Il fit d'abord quelques expériences simples pour prendre la mesure du travail dans l'espace, et fut surpris de constater que tout prenait bien plus de temps que ne le lui avaient laissé supposer les simulateurs. Il avoua par la suite n'avoir eu aucune idée de la façon de travailler au ralenti à vitesse orbitale : chaque mouvement d'un bras ou d'une jambe en chute libre exigeait une réaction de tout le corps, et des forces minimes, à peine perceptibles au sol, suffisaient à le déséquilibrer ; il lui suffisait de bouger les doigts pour se mettre en mouvement. Sur Gemini IV, Edward White avait déjà évoqué le besoin de points d'appui ; Cernan découvrit alors que même ceux installés sur le vaisseau n° 9 étaient insuffisants et que le velcro ne suffisait pas à maintenir le corps en position pendant qu'il progressait vers l'adaptateur arrière. Il devait lutter continuellement contre la mobilité limitée de la combinaison, et l'effort lui coûtait cher.

Lorsqu'il parvint enfin à l'adaptateur, certaines lumières installées expressément pour l'aider n'étaient pas allumées. Il demanda à Stafford de les brancher, et une seule s'alluma. Se déplacer dans l'adaptateur ne fut pas plus facile que dans le reste du vaisseau.
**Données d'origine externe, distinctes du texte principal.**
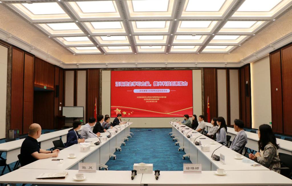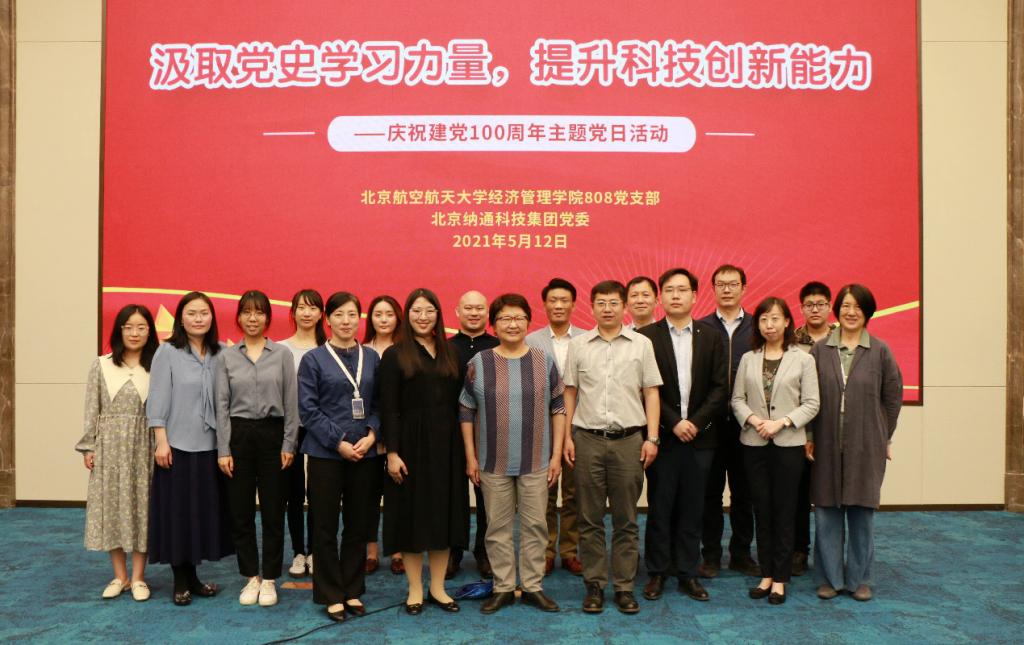 时值中国共产党成立100周年之际,为贯彻落实习近平总书记在党史学习教育动员大会上的重要讲话精神,进一步做到学史明理、学史增信、学史崇德、学史力行,2021年5月12日,beat365亚洲版官网808党支部前往北京纳通科技集团(简称纳通),与纳通党委共同开展 “汲取党史学习力量,提升科技创新能力” 主题党日活动。北航经管学院研究生指导主任单伟、808党支部副书记陈婧带领808支部党员、部分师生群众代表共十人与纳通集团党委书记修月娥、副书记李明强,集团党委委员王双宝、郝明金,人力资源高级总监钱威、研发中心总监段红平等人参加共建活动。

Il entreprit néanmoins de préparer le propulseur dorsal : il disposa des lumières ; ouvrit et vérifia les vannes de coupure d'azote et d'oxygène ; ordonna les commandes latérales, les cordons ombilicaux et le harnais de fixation ; accrocha l'amarre de l'AMU ; brancha l'alimentation électrique de l'unité et bascula sur le cordon ombilical électrique. Tout, absolument tout, prenait bien plus de temps que prévu. Il flottait sans contrôle à répétition et était incapable de maintenir la position de son corps ; les rares barres pour les pieds, étriers et points d'appui ne suffisaient à aucune tâche exigeant de faire levier. Pendant qu'il effectuait les branchements, son pouls monta à environ 155 pulsations par minute puis grimpa jusqu'à près de 180, et le médecin de vol au sol en vint à craindre qu'il ne perde connaissance. La sueur commença à embuer sa visière, et il frottait son nez contre le verre pour s'ouvrir une zone claire par laquelle voir.

La visière embuée et la décision d'interrompre

Dix minutes après le coucher du soleil, la visière de Cernan commença à s'embuer, il se reposa donc un peu. Mais il n'y avait pas de repos complet possible là-haut, à cause de la tendance à dériver. Il reprit le travail et la visière s'embua de nouveau ; au lever du jour suivant, l'humidité diminua, bien qu'elle revînt dès qu'il bougeait. Fait étrange, il ne ressentait ni froid ni chaud : ses seuls problèmes étaient la visière aveugle et des tâches qu'il fallait accomplir d'une seule main alors qu'il en fallait deux.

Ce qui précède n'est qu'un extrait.